A recent poll indicates that a majority of Americans believe they could do a better job of balancing the government budget than the government does. The government does not seem to be bound by the ordinary budgetary considerations that ordinary families have to live by.
"Lawmakers realize the importance of honesty in accounting, so they have established clear accounting guidelines for others to follow. However, they, themselves, go by a much more relaxed standard. If a businessman were to go by the standards lawmakers apply to themselves, he would wind up in jail." So writes Ken Connor in HUMAN EVENTS ONLINE - Congress Is Beating Enron at Its Own Game.
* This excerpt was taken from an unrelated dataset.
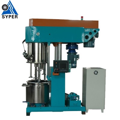 高效行星双轴搅拌机通过釜内两根搅拌轴在绕釜体轴线公转的同时又绕自身轴线快速自转,使物料受到强烈的剪切和捏合,得以充分的分散和混合。
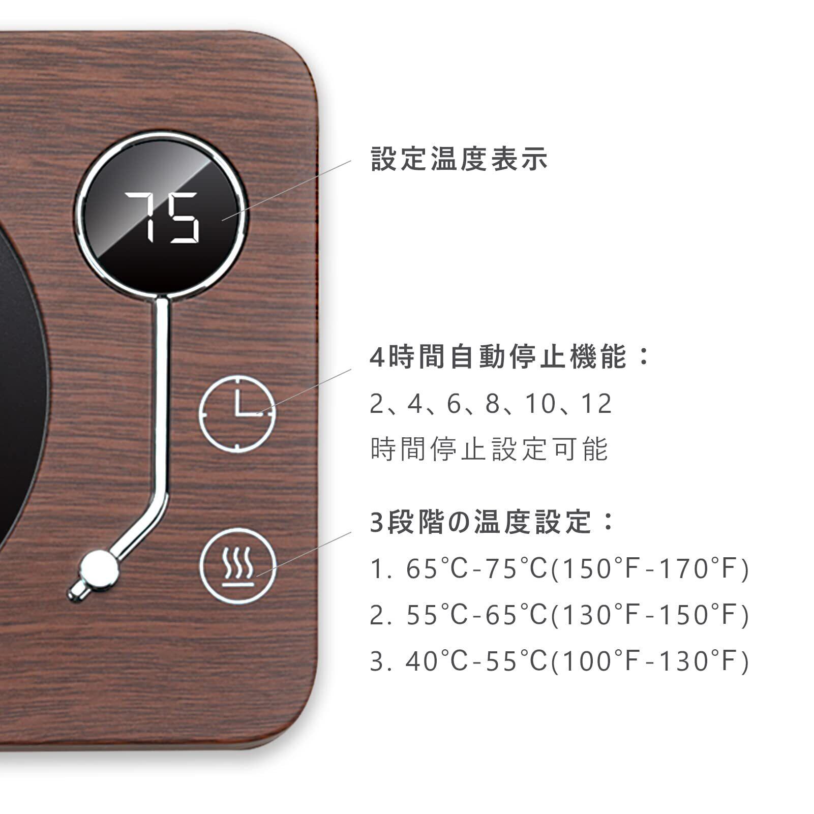 Kyerlish カップウォーマー コーヒー保温コースター マグカップウォーマー ドリンクウォーマー 3段温度設定55℃ 65℃ 75℃ 重力センサー付き 静音 自動電源オフ コップ保温 水/お茶/コーヒー/牛乳など飲み物 加熱コースター オフィス/家庭用 友達/家族へのプレゼント PSE安全認証済み AC100V/30W(木目-75℃ 50/60Hz全国対応)

Consider this op-ed from the Los Angeles Times in June of last year:

     Here's what California Atty. Gen. Bill Lockyer said at a press conference about Enron Corp. Chairman Kenneth Lay: "I would love to personally escort Lay to an 8-by-10 cell that he could share with a tattooed dude who says, 'Hi, my name is Spike, honey.'"
     Here's why Lockyer should be removed from his office of public trust: First, because as the chief law enforcement officer of the largest state in the nation, he not only has admitted that rape is a regular feature of the state's prison system, but also that he considers rape a part of the punishment he can inflict on others.
     Second, because he has publicly stated that he would like to personally arrange the rape of a Texas businessman who has not even been charged with any illegal behavior.
     Lockyer's remarks reveal him to be an authoritarian thug, someone wholly unsuited to holding an office of public trust.
     But his remarks do have one positive merit: They tell us what criminal penalties really entail.
     Contrary to some depictions of prisons as country clubs, they are violent and terrible places.
Tom G. Palmer, 'Hi, My Name Isn't Justice, Honey,' and Shame on Lockyer, L.A. Times, Wednesday, June 6, 2001

Businessmen have only persuasion as a weapon. Government has the power of the sword. Lord Acton said, "Power tends to corrupt." Government power-holders become less and less accountable, less hesitant to use their power, even against those who have done no wrong or those who have not yet been convicted by a jury of their peers of wrongdoing.

This is why monetary power in the hands of Enron executives is less harmful that political power in the hands of bureaucrats and politicians.